Par ailleurs, s'agissant de l'adaptation de l'organisation de la santé au travail aux besoins de certains publics particuliers, le texte prévoit l'expérimentation d'actions de prévention collectives destinées aux salariés intérimaires, des modalités de mise en œuvre du suivi de l'état de santé des salariés du particulier employeur et la possibilité pour le chef d'entreprise de bénéficier du suivi médical assuré par le service de prévention et de santé au travail (SPST) auquel son entreprise adhère.

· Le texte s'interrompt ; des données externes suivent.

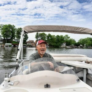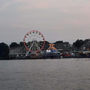 We had a great breakfast, and then went over to Son and DIL’s to visit over second cups of coffee. Son had yard work to do, so he and Grandboy took care of that, while I wrote some more and Husband chilled (he’s still healing), and DIL did her thing at their house. In the early afternoon, we loaded onto our boat with towels, coolers, sunscreen, and sundry, and headed out onto the lake, which wasn’t really all that busy considering it was a gorgeous July weekend…until we got down to the amusement park (known to locals as “the beach”).
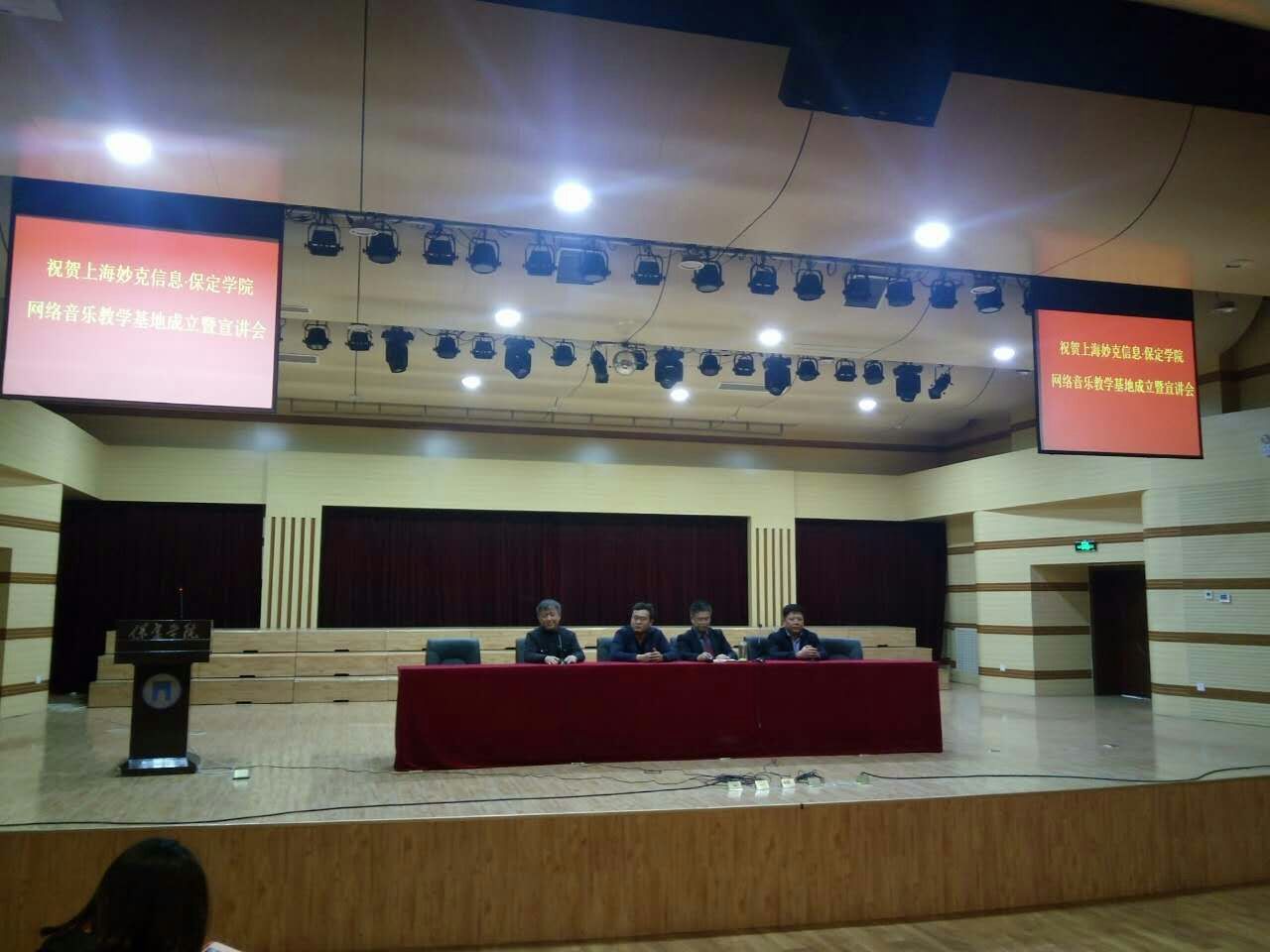 上海妙克信息科技有限公司tyc122cc太阳成集团网络音乐教学实训基地于2017年4月6日正式揭牌启动。出席本次活动的有tyc122cc太阳成集团科研处许明远处长,上海妙克信息技术有限公司姚立嘉先生,tyc122cc太阳成集团音乐系黄晓钟主任,党支部副书记张红玉。启动仪式上各位领导都发表了讲话。上海妙克和tyc122cc太阳成集团的领导对积极响应国家提倡导的互联网+与高校转型都做了各自的深层解读。活动期间tyc122cc太阳成集团音乐系在校员工都聚精会神的聆听,热烈的掌声此起彼伏。

En matière de tarification des services de prévention et de santé au travail, le Sénat a adopté l'encadrement du montant des cotisations dans un « tunnel » défini par référence au coût moyen national de l'ensemble socle de services dont la définition a été précisée et le calcul des cotisations en fonction du nombre de personnes suivies, et non proratisé en équivalent temps plein (ETP). Des dispositions saluées par Pascale Gruny, rapporteur, estimant qu'elles « traduisent certaines des ambitions de l'ANI en matière de transparence financière des SPSTI » et « tiennent compte de la réalité du suivi médical des salariés à temps partiel et permettent d'assurer une meilleure équité entre les entreprises ».

Enfin, le texte comporte l'expérimentation de l'extension du droit de prescription des médecins du travail. Pour le rapporteur Stéphane Artano, ces dispositions sont une « opportunité de décloisonnement de la médecine du travail et de la médecine de ville pour favoriser les passerelles d'une spécialité à l'autre ».